Doom and gloom
Greg Costikyan has a very heart-felt (and profanity-laden) blog entry about this year's GDC, and about the current state of the game industry. Basically, he feels frustrated about the lack of innovation and creativity in the gaming industry, a topic which the industry in general and Greg in particular have been talking about for a long time, and that this is building towards a crisis.
It's true that this topic was more visible than in other years. Jason Rubin of Naughty Dog said that better graphics will no longer allow you to differentiate from your competitors; the only directions he sees are innovation or attachment (making a sequel or using a license). Guess which ones he thinks publishers will be prepared to pay money for? Chris Charla of Digital Eclipse Software held a lecture about how you can be creative even while making a game based on a licence (and I have to say it's well-argued). Warren Spector apparently said something similar during the game design keynote. Greg's mention of Will Wright is all the more sobering when you realize that Will experienced a lot of resistance to The Sims.
(Interestingly, Chris Crawford predicted a crisis along these lines around 1996, when he left the industry.)
The lack of innovation and creativity are very frustrating. When you're inside the industry, it is so very easy to get used to it, and it is hard to determine whether the small signs of improvement are just that or just feeble, futile glitches. When something blindingly original and not entirely unsuccessful appears (sadly, usually in other mediums) you are reminded how complacent you have become.
I won't try to analyze the whole situation here and now, just make some random remarks:
- The people with the money won't pay the people with the ideas because of the high costs and the high risks. Costs are on the rise, because certain low-risk investments (think of Vice City's soundtrack) can increase sales, and because low-risk developers are expensive. Risks are on the way down, because high-risk developers are going out of business.
- The industry does not yet know how high quality, innovative game experiences are created, or that they are worth paying for. Otherwise there would be more experimentation going on (game design R&D), there wouldn't be so many titles that fail because of relatively cheap flaws (say, bad story or bad localization), and people such as game designers and writers would have a higher status.
- Developers are not as creative, or as aware of how to reach a sufficiently big market, as they could or should be.

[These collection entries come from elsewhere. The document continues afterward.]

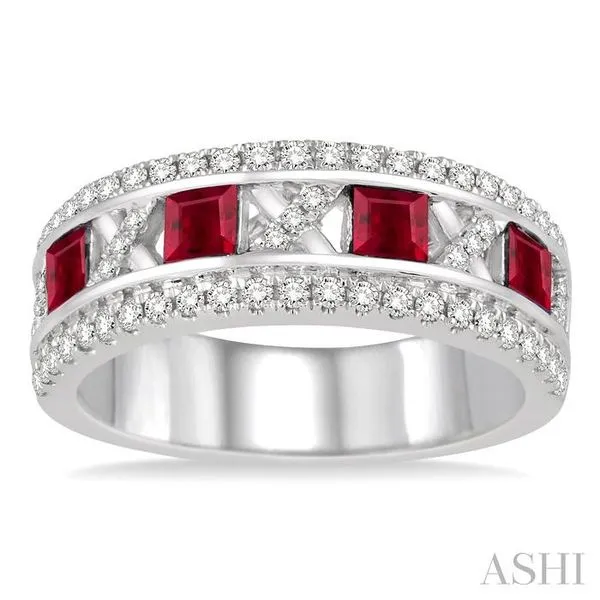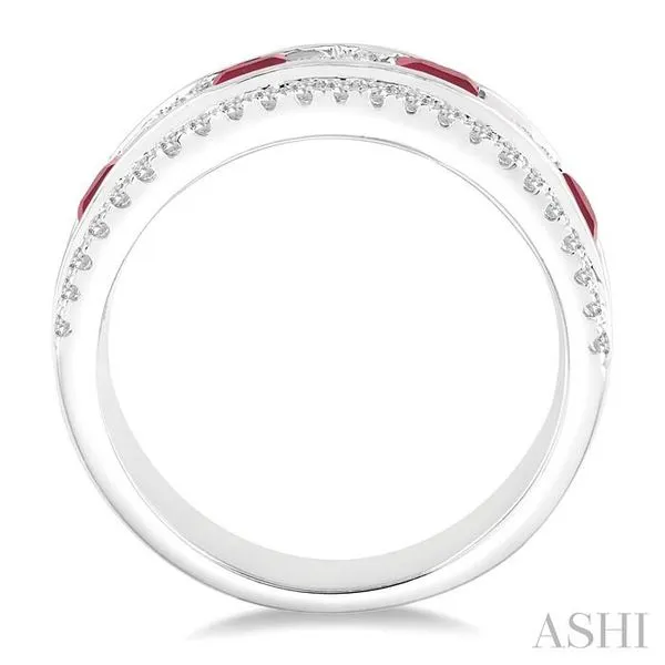 (319) 752-31963x3 MM Princess Cut Ruby and 3/8 Ctw Round Cut Diamond Precious Band in 14K White Gold
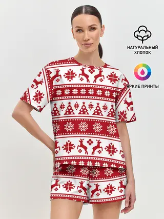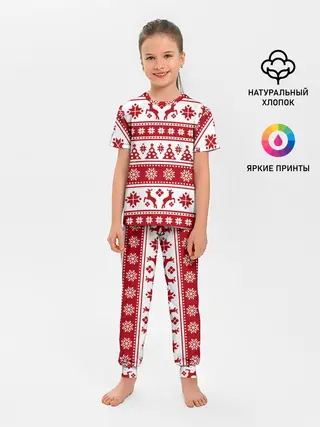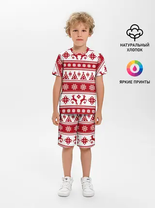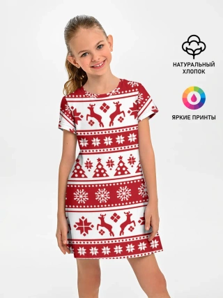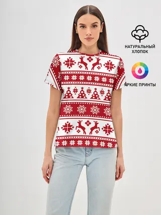 Детская базовая футболка / Новый Год | Олени и снежинки
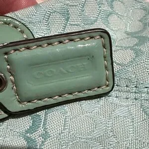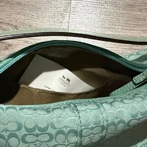 Stylish mint green shoulder bag by Coach. Features signature pattern and elegant design.
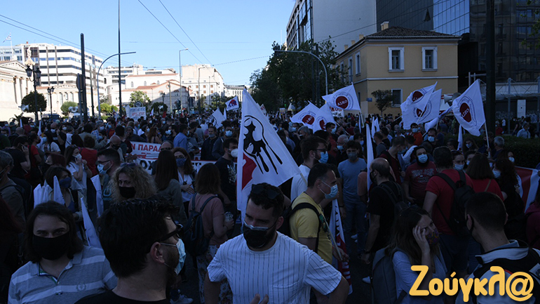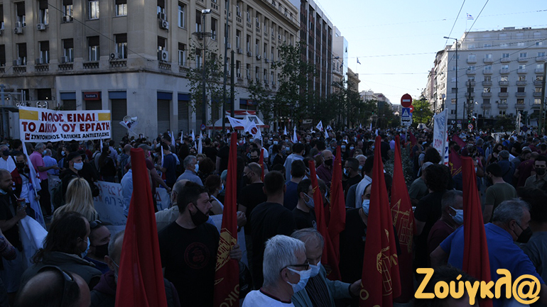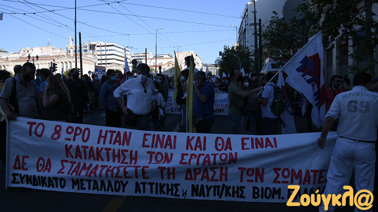 Οι περίπου 2.000 συγκεντρωμένοι διαμαρτύρονται για το νομοσχέδιο και ζητούν την απόσυρσή του και τη διατήρηση του 8ωρου εργασίας.
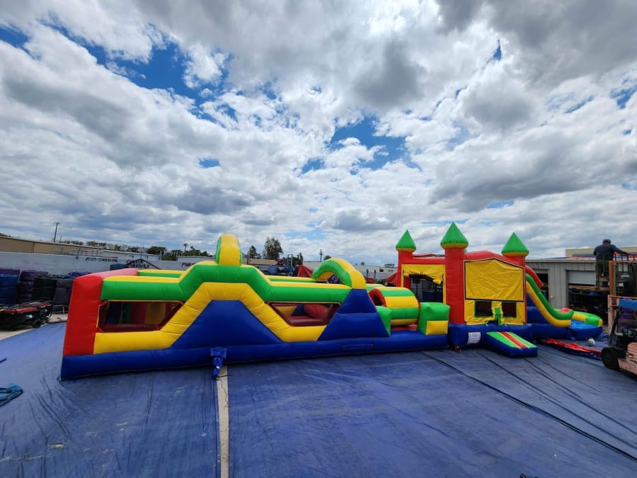 Our inflatable units are made from durable materials and undergo rigorous safety inspections to ensure a worry-free experience for all participants. You can rest easy knowing that your guests are in for a safe and thrilling adventure with our Rainbow 60ft Obstacle/Bounce House.

- There still is no reasonable way to make money from innovative, low-to-mid-budget games. In fact, due to the rising costs of AAA titles and sales skewing towards these titles, the situation is getting worse.
Food for thought.
By the way, the "entry from some Japanese guy whose name I don't catch, who has something he claims is PSII email software that plays like some bizarre rap dancer with a synthesized voice rapping the text you enter, and a character bopping about swishing a Japanese calligraphic paintbrush and spattering virtual ink about the page" is called Mojibribbon and was designed by Masaya Matsuura, designer of Parappa the Rapper and Vib Ribbon. Read about it here and here. And it puts paid to the tired old idea that console games are less innovative than PC games - a topic for another blog entry some day.